Yielded by a post praising the virtues of Terry Richardson on new ladysite The Gloss, writer and former SuicideGirls model Jamie Peck wrote up a counterpoint story involving her experiences with Richardson. To sum it up:

  • Terry Richardson made a girl who’s modeled naked before feel creeped out for the first time.
  • He made her call him “Uncle Terry.”
  • At one point, he requested she take her tampon out for him to play with.

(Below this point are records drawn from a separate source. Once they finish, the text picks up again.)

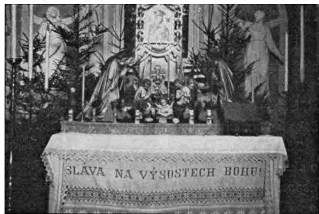
Báseň uveřejněna v r. 1943, fotografie jesliček je z r. 1942

když Ty se vracíš, jsa sluncem oděn, a vcházíš nesměle do stínu lidských střech — Můj Pane, nevidíš, že nejsem hoden Tě nésti na loktech?
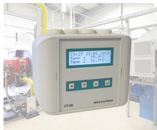
Régulateur de température universel/de température différentielle
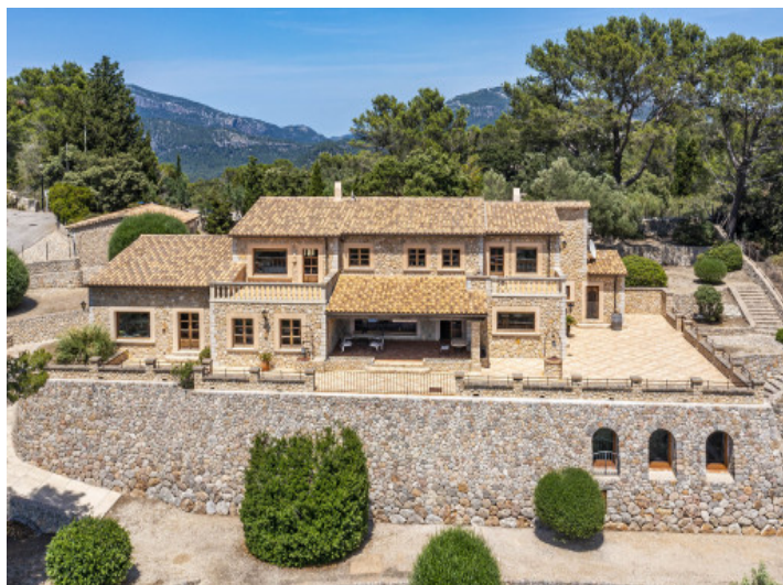
Vista exterior de la finca
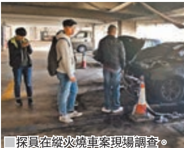
探員在縱火燒車案現場調查。

警方又翻看現場閉路電視片段，發現事前曾有兩名可疑男子走近莊的座駕，其後車輛即冒煙起火，警方相信兩人與縱火案有關，該兩名可疑男子年約25歲至35歲、中
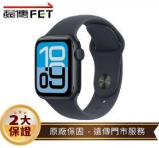
Apple Watch SE3 GPS 40mm 直降1.5%員購價：$7,244

  • After which he got naked and started “waggling the biggest dick I’d ever seen dangerously close to my unclothed person.”
  • Also, name dropping.
  • His assistants took some pictures.
  • He requested a hand job.
  • He received a hand job.
  • The hand job was over fairly quickly.
  • She never went back.

Surely, there’re two sides to every story, and of course, don’t let me ruin the joy of Ms. Peck’s context for you, but suffice to say that the world of young girls (or boys) barely of-age hanging out with older artists in New York is probably no different now than whenever this story occurred. The bright-eyed lying figuratively (or literally) prostrate in front of famous people almost always yields the same results, the lesson of which is somewhere between “never meet your heroes,” and, in this instance: “Dudes do photography to get chicks naked” and “artists use eccentricity as an excuse for everything” or “the humiliating shit you put up with as a Young Person Trying To Make It better yield, at the very least, a good story, especially one you get paid for, otherwise it really was a worthless experience,” or something. I mean, are you surprised? I’m not. More than anything, though, I’m now gravely concerned for Kermit. Now is your time to speak out.